Rice was born on November 1, 1880, in Murfreesboro, Tennessee, the son of Bolling Hendon Rice, a cotton dealer, and Mary Beulah (née Grantland) Rice. His grandfather Major Henry W. Grantland was a Nashville cotton farmer and a Confederate veteran of the Civil War. As a young teenager, Rice attended military schools—Tennessee Military Institute and Nashville Military Institute. After a year at Wallace University School, Rice attended Vanderbilt University in Nashville.

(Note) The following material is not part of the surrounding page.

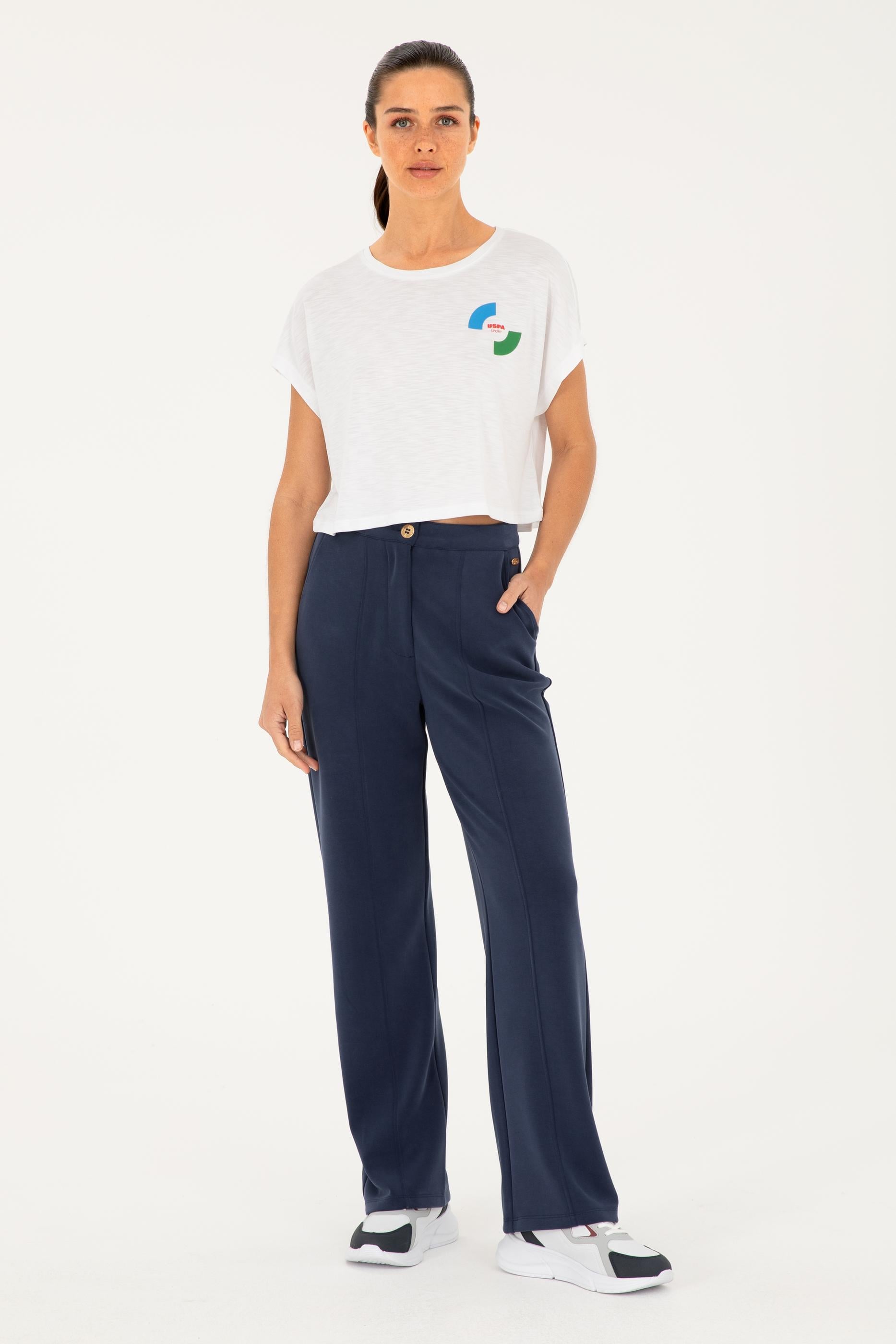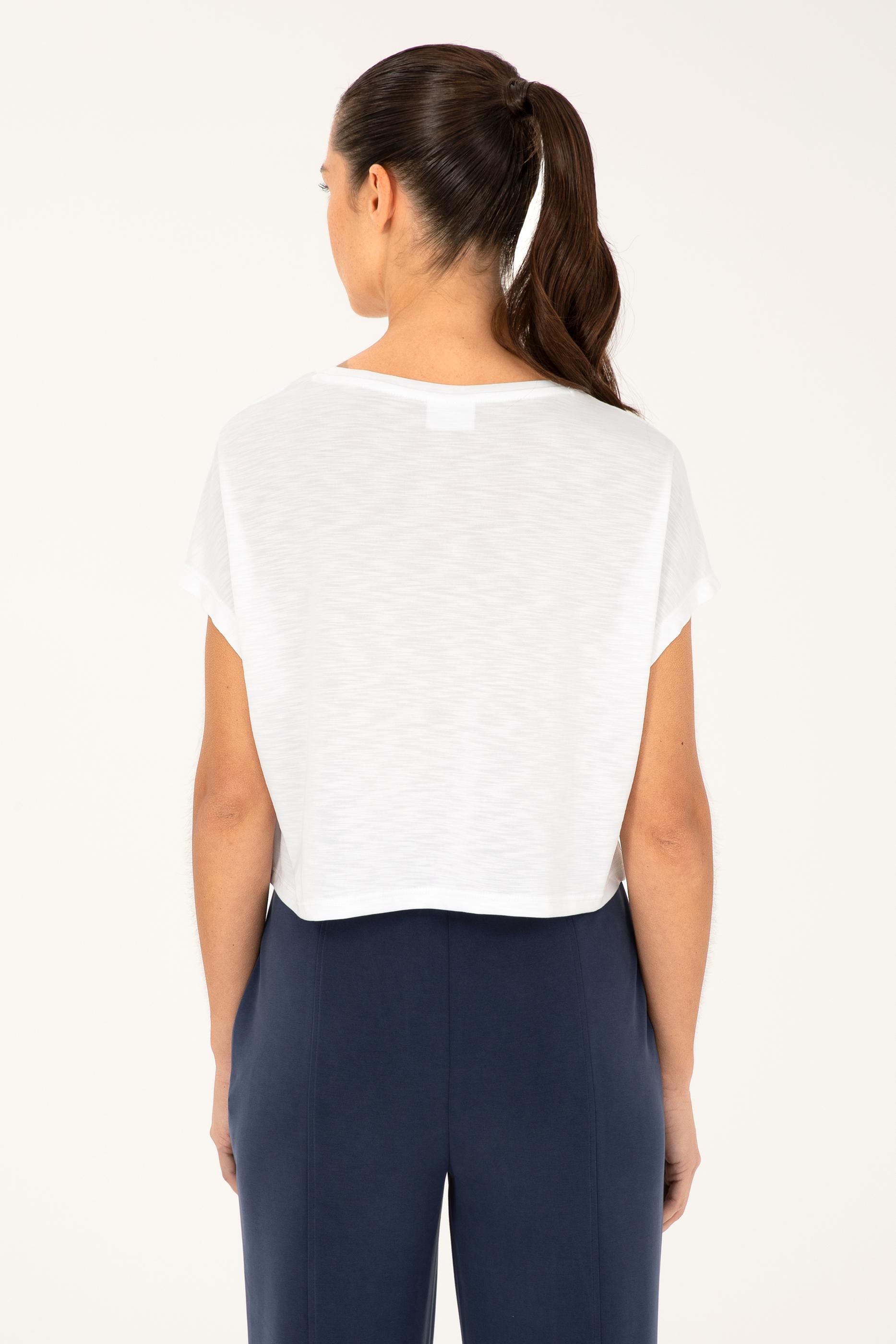 Kadın Beyaz Bisiklet Yaka Tişört

At Vanderbilt, Rice was a brother in the Phi Delta Theta fraternity. He studied Greek and Latin and graduated with a BA degree in classics as part of the class of 1901. Rice was tall and slender, over 6 feet tall and well under 140 pounds. He was a member of the football team for three years, and a shortstop on the baseball team. On the football team, he lettered in the year of 1899 as an end and averaged two injuries a year. He suffered a broken shoulder blade, a broken collar bone, and four broken ribs. On the baseball team, he was captain in 1901. Rice notes that pro baseball took off in the South in his senior year at Vanderbilt.

==Sportswriter==

Rice's first job in 1901 was for the Nashville Daily News. From 1902 to 1907 he worked for the Atlanta Journal and the Cleveland News. Rice married Fannie Katherine Hollis on April 11, 1906; they had one child, the actress Florence Rice.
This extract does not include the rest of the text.